William White Hartzog (September 21, 1941 – October 15, 2020) was a United States Army General whose commands during his 35-year career include the United States Army Training and Doctrine Command, the 1st Infantry Division, and United States Army South. He was born in Wilmington, North Carolina.

Military career
After graduating from The Citadel in 1963, where he received a degree in English, Hartzog was commissioned in the Infantry. His first assignment after the Infantry Officer Basic Course was as Executive Officer of an Officer Candidate School company at Fort Benning, Georgia In 1965 he was assigned to Fort Kobbe, Panama. He deployed to South Vietnam in 1967, eventually commanding a company, and upon return to the United States he attended the Infantry Officer Advanced Course. After graduation, he was assigned as a tactics instructor at the United States Military Academy, then returned to Vietnam in 1972 as a Plans Officer for Military Assistance Command, Vietnam. 

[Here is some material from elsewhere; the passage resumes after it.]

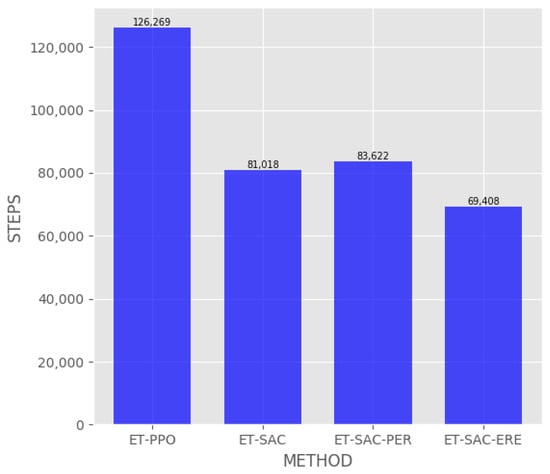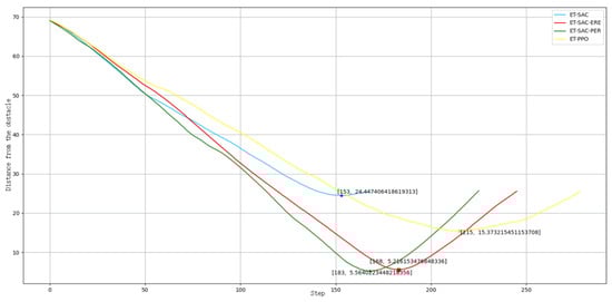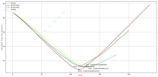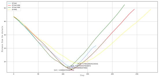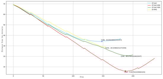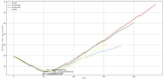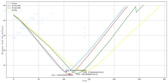 This section analyzes the training process of multiple obstacle avoidance tasks using ET-PPO, ET-SAC, ET-SAC-PER, and ET-SAC-ERE. We depict the distance variations between the agents and obstacles as shown in Figure 10, Figure 11 and Figure 12. Similar to the single obstacle avoidance task, only the distance variation data corresponding to Figure 8 are presented. It is observed that in ET-PPO, ET-SAC, ET-SAC-PER, and ET-SAC-ERE, the closest distances to obstacle 1, obstacle 2, and obstacle 3 are 4.8705 m, 4.3699 m, and 5.2162 m, respectively. It means they are all in a safe area. The agents can effectively navigate through the safe area to avoid obstacles. However, it is noted from Figure 8 that some agents fail to reach the target. Table 2 provides the distances between ET-PPO, ET-SAC, ET-SAC-PER, and ET-SAC-ERE and obstacles in three experiments. The table also records the number of successful experiments. It can be seen that ET-SAC-ERE can reach the target point more effectively while avoiding obstacles compared to the other methods. ET-PPO successfully completes the mission once, while others enter unsafe areas or collide with obstacles. ET-SAC and ET-SAC-PER fail in all three attempts, managing to avoid the third obstacle but failing to reach the target successfully. Therefore, the mean of the minimum value of obstacle 3 is also relatively larger. The total number of steps for each deep reinforcement learning convergence to a fixed policy is recorded in Figure 13. ET-PPO, ET-SAC, and ET-SAC-PER stop training early due to the inability to converge to a successful policy, so they have fewer steps compared to ET-SAC-ERE.

Hartzog attended the United States Marine Corps Command and Staff College from 1973 to 1974, then proceeded to Fort Riley, Kansas where he served in various staff positions with the 1st Infantry Division. In April 1978, he was given command of the 3rd battalion, 5th Infantry, 193rd Infantry Brigade. Following his assignment in Panama, he attended the United States Army War College at Carlisle Barracks, Pennsylvania, and then served at the War Plans Division in Washington D.C., where he eventually became Chief. He was next assigned as Executive Officer at the United States Army Training and Doctrine Command, before taking command of another brigade, the 197th Infantry Brigade at Fort Benning. 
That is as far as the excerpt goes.